夢から覚めてしまう前にやらなければ……

【他人の夢⑧】
夢が覚めるまで時間はなかった。夢工場を飛び出るとミキコさんの夢の扉へ。急いで向かった。その扉を開けて、驚いている彼女を……
<WEAVERの河邊徹がドラムスティックからペンに持ち替えて描いた作家デビュー作!>

イラスト:堀越ジェシーありさ



マサキは広い廊下を駆け抜けた。当てずっぽうの中に、静かな確信を抱いていた。

 走った先に見つけた扉を開くと、その瞬間に景色は滲んだ、正しい出口だったかはわからない。滲んだ景色の中で、扉の先の通路を駆け抜け、そしてもう一つの扉を開いた。

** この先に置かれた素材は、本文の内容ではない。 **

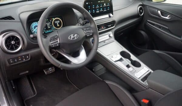 El interior del Hyundai Kona BEV es sencillo, está bien presentado y presenta todos los mandos a mano. Respecto a las versiones de gasolina cuenta con una consola inferior sobre-elevada de diseño específico que pone la nota futurista al conjunto, incluyendo aquí los botones para el control del cambio.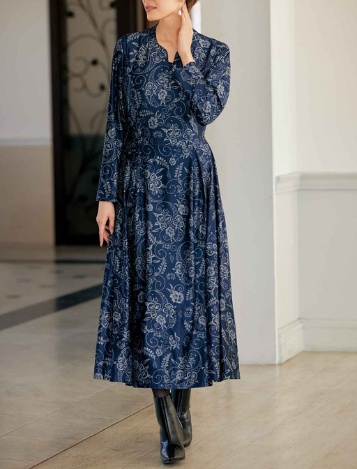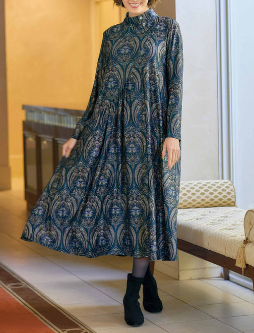 更紗紋様の美しさと流麗シルエット。 落ち感がきれいなストレッチジャージー素材の総柄ワンピース。 ウエスト切り替え位置もタック分量も計算されたデザインが、流れるようなドレープ感を生み出し、脚長&スマートに見せてくれます。

 そこは、マサキが夢でも現実でも見慣れた場所だった。学校の音楽室。時間は放課後のようで、窓から夕日が差し込んでいる。景色は相変わらずぼんやりしていた。

 ピアノの前に、女の子が一人座っている。ミキコさんだ。ミキコさんは一人で楽譜を眺めているようだった。

「ミキコさん」

 ミキコさんは声がした方に振り返った。


「マサキくん?」

 驚いた顔をしていた。

「……大丈夫?」

 とりあえずそう聞いたが、マサキの声を聞いて、ミキコさんは突然泣き出した。

「ピアノが……」

 そう言って、言葉の続きを紡ぎ出そうとして、うまくいかない。終いには声を上げて泣き出した。こんな姿、現実では見たことがなかった。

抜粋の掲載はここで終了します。